-- Records to process follows --

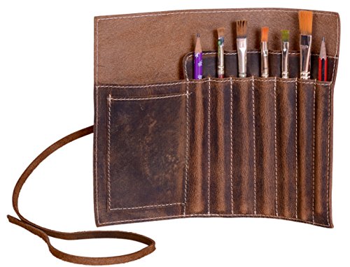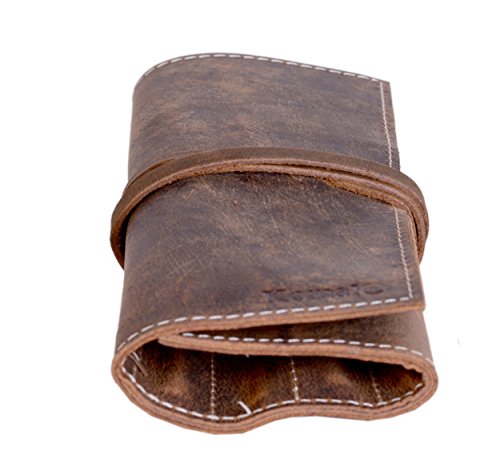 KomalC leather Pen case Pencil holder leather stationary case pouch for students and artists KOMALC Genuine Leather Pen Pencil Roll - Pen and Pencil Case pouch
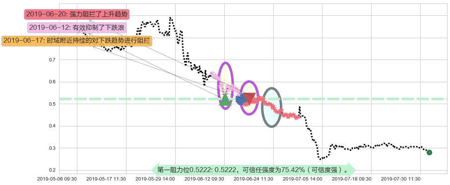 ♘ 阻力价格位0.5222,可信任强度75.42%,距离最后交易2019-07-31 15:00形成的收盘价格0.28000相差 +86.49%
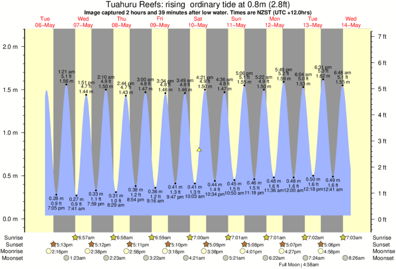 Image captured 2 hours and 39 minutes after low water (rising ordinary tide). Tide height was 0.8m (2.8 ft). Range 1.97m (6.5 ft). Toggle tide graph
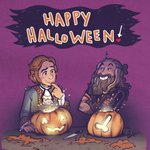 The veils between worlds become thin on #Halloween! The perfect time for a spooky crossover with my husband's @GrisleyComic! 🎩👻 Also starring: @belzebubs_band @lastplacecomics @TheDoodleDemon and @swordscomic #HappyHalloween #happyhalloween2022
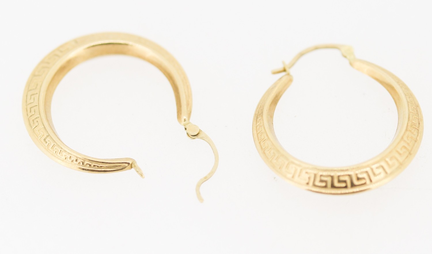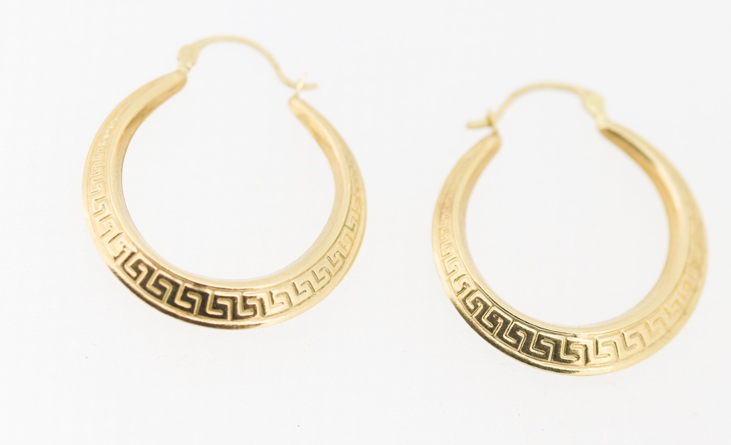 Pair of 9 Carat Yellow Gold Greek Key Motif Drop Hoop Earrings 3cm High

-- Records to process concluded --

**Exercise details**: Reproduce verbatim, and only, the lines starting at the one that contains "The veils between" and ending with the final line of the records; leave out the pictures.

**Task result**:
 The veils between worlds become thin on #Halloween! The perfect time for a spooky crossover with my husband's @GrisleyComic! 🎩👻 Also starring: @belzebubs_band @lastplacecomics @TheDoodleDemon and @swordscomic #HappyHalloween #happyhalloween2022
 Pair of 9 Carat Yellow Gold Greek Key Motif Drop Hoop Earrings 3cm High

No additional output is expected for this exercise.